# base 2 log of X

• 06-25-2007
Mario F.
base 2 log of X
I need to dinamically calculate the necessary bits to hold unsigned integrals subsets of varied size, sum these results and construct a std::bitset based on the final result.

But I can't seem to find a way to solve ceil(log2(x)) with the standard library.

The problem is with the log2(x), since apparently only the common and natural logarithms are offered.
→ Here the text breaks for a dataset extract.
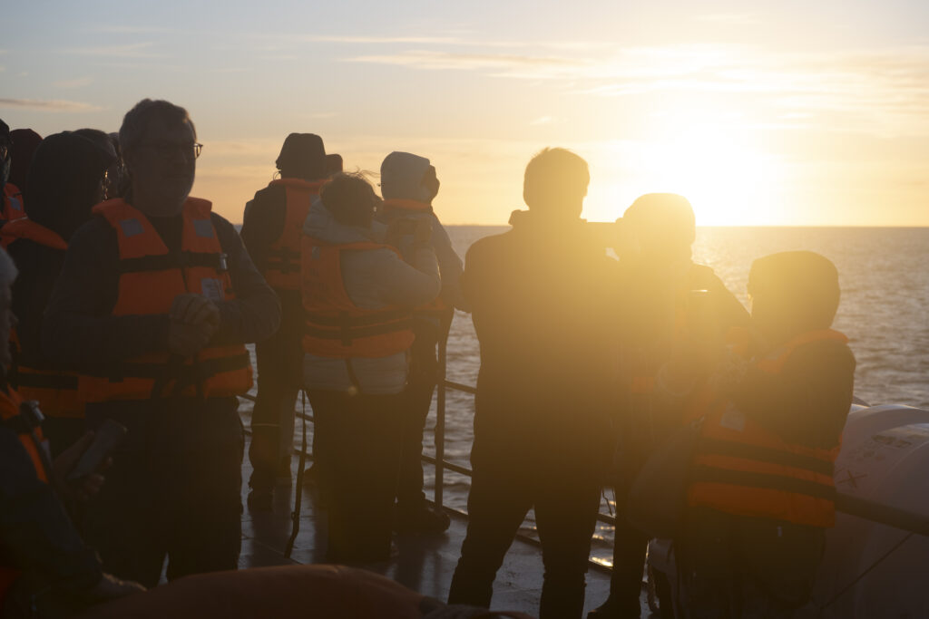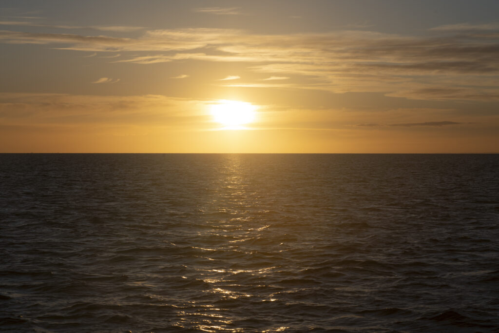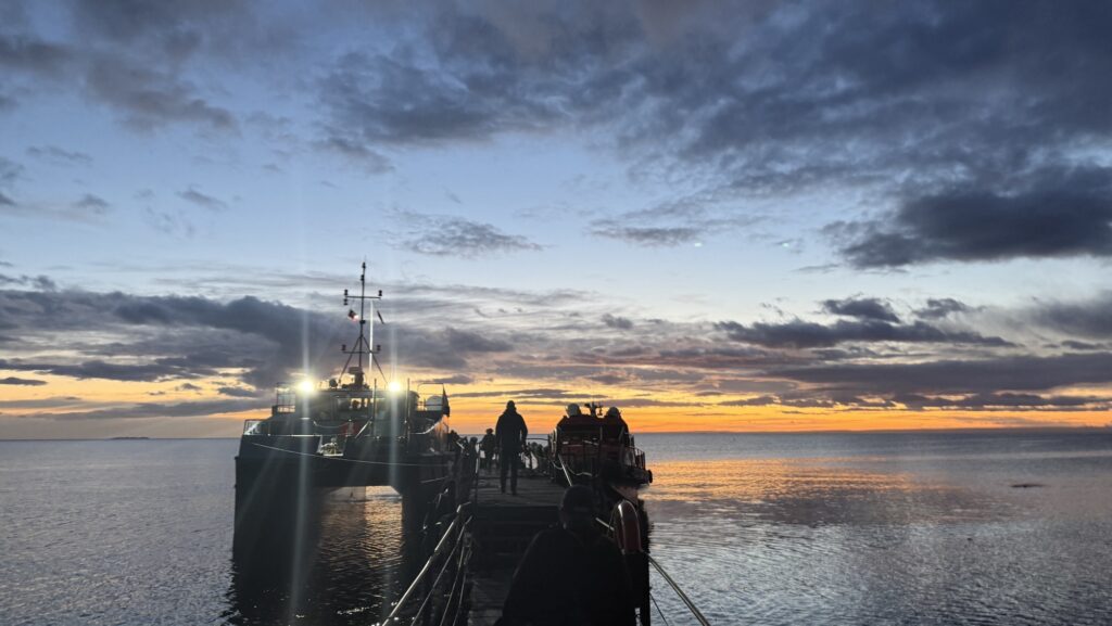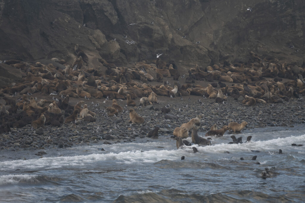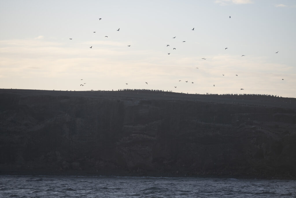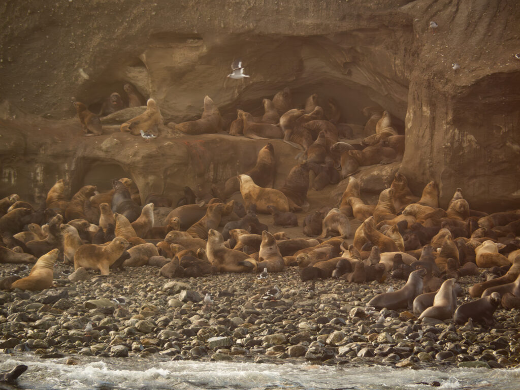 Jetzt fahren wir aus der Stadt zum Steg unseres Katamarans der uns in Kürze zur Insel schippern wird. Herrlich ist der Sonnenaufgang zu betrachten und bald schon steuert der Kapitän vor einer vorgelagerten Insel um uns eine Hundertschaft von Sealions zu zeigen. Das Grunzen ist schon fast ein bisschen unheimlich anzuhören. Über unseren Köpfen fliegen Kormorane, im Wasser schwimmen die Sealions und am Strand grunzen sie um die Wette.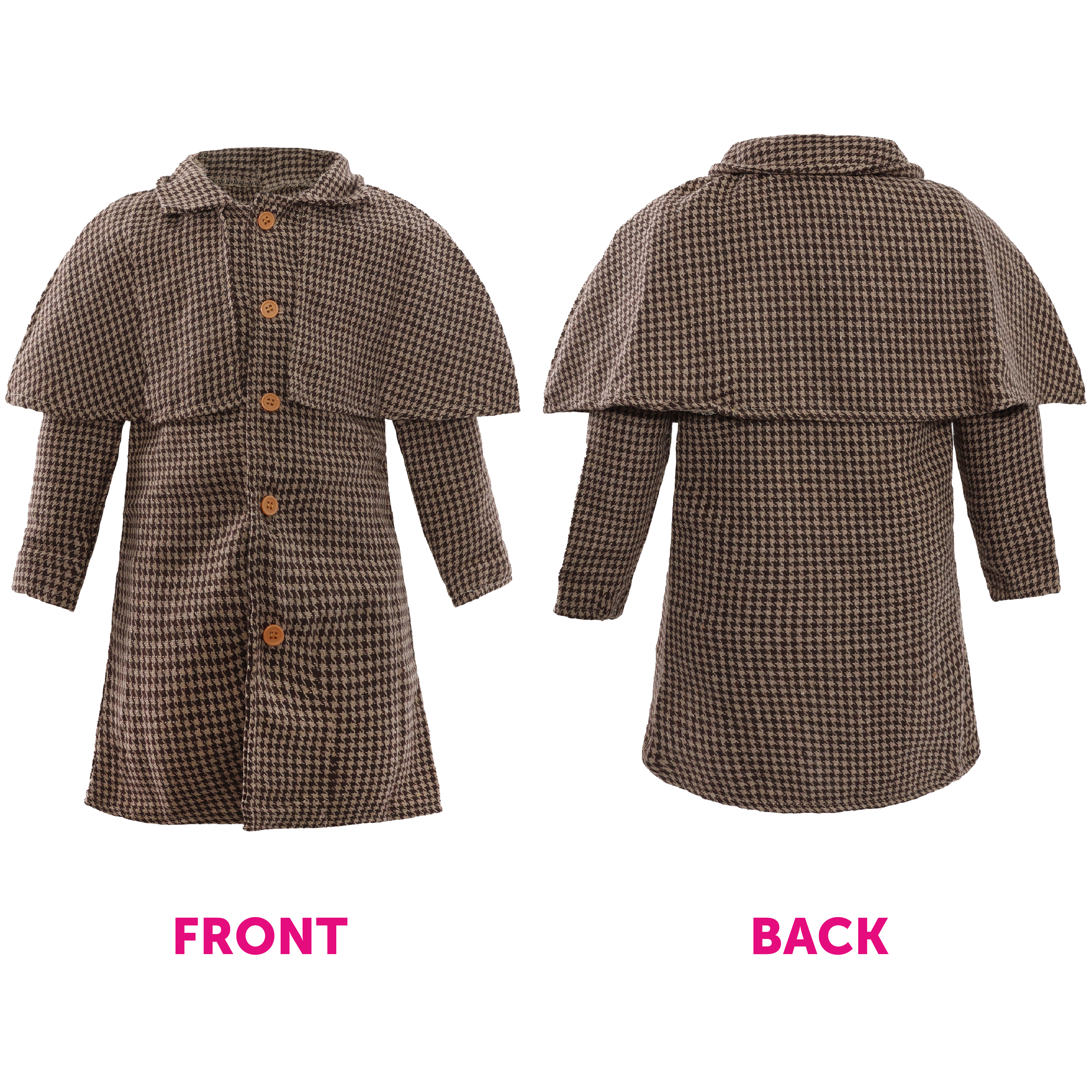 COSTUME INCLUDES: This Child's Detective Costume includes a traditional style, Brown Deerstalker Hat with a matching Victorian Coat, detailed with a Shoulder Cape and Buttons, and a working Magnifying Glass, a great outfit to accompany a brilliant investigator such as yourself to solve only the finest and puzzling of crimes!

Am I failing to see some other function? Is there a mathematical equivalent equation I can use?
• 06-25-2007
whiteflags
Quote:

Am I failing to see some other function? Is there a mathematical equivalent equation I can use?
logr(x) = logk(x) / logk(r)

Basically, using any constant radix, put log of x over the log of the desired radix and the answer is converted.
• 06-25-2007
This might help:
Code:

`loga(b) = log(b) / log (a)`
beaten by like a second![/edit]
• 06-25-2007
Mario F.
If it wasn't for that crude beard of yours I could kiss you.

Thanks a bunch!
• 06-25-2007
QuestionC
Don't use the log function to count bits. Putting aside the efficiency issue, consider accuracy. Since it turns the problem to floating point numbers, expressions like the following are ambiguous:

Code:

`int(log(4) / log(2)`
Is it int(.602059991/.301029995), or it int(.602059991/.301029996)? It's impossible to tell because of floating point precision.
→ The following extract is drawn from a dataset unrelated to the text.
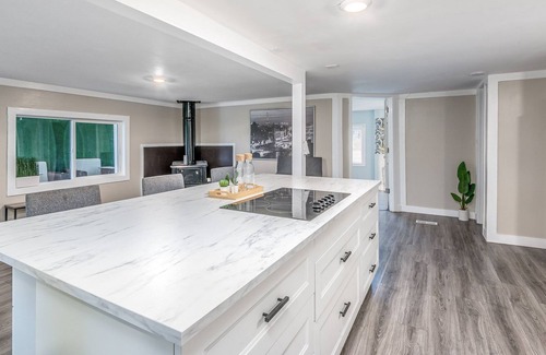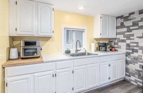 Home comes with a full stock kitchen with a brand new Keurig coffee machine. The layout of Lucid Fields kitchen is great for setting up a buffet style type. we put air fryer coffee machine on our counter. Toasters, blender extra air fryer, microwave will be stored away in cabinets if needed.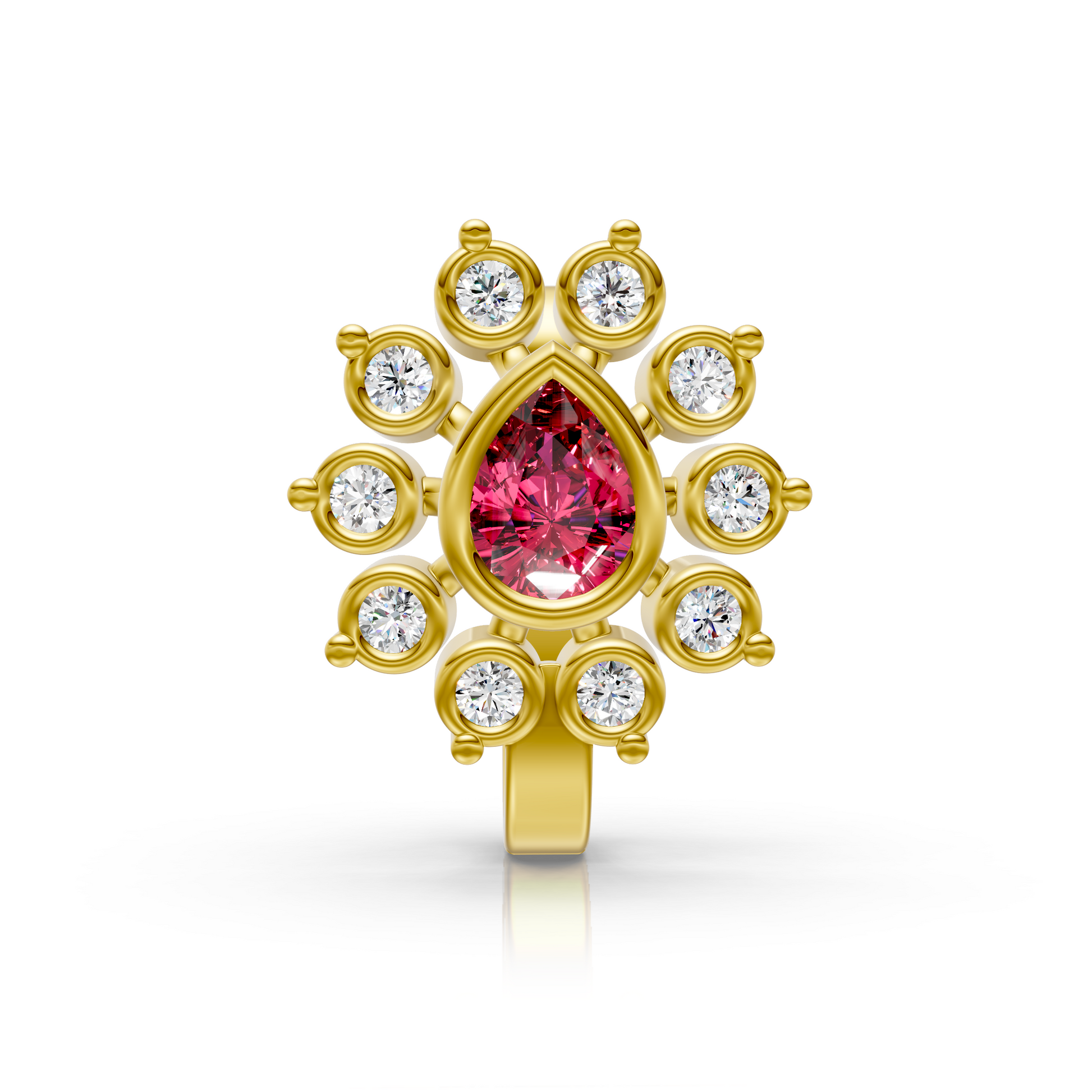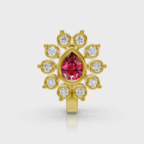 Floral Lab Diamond Nose Pin with Pear-Shaped Ruby in 14K Yellow Gold

Just shift bits if need be.
• 06-25-2007
QuestionC
Well, either shift bits or get creative if efficiency matters.
• 06-25-2007
Salem
> But I can't seem to find a way to solve ceil(log2(x)) with the standard library.
Isn't this going to be in effect the left most bit shifted left one place?

In binary, say you have 0101b (5) samples to store. The left-most bit is 0100b (4), which then shifted left one place is 1000b (8).
So you allocate space for 8, to store a maximum of 5 samples.

OK, maybe it's not the most accurate answer, but it's a lot easier to calculate.
• 06-26-2007
QuestionC
Actually, it's the number of bits.

ciel(log2(1-2)) -> 1
ciel(log2(3-4)) -> 2
ciel(log2(5-8)) -> 3

Well, there's the edge case on powers of 2, so technically floor(log2(x)) + 1. In any case, bit manipulation is totally the way to go.
• 06-26-2007
Mario F.
Thanks for the info guys. Much better options, no doubt.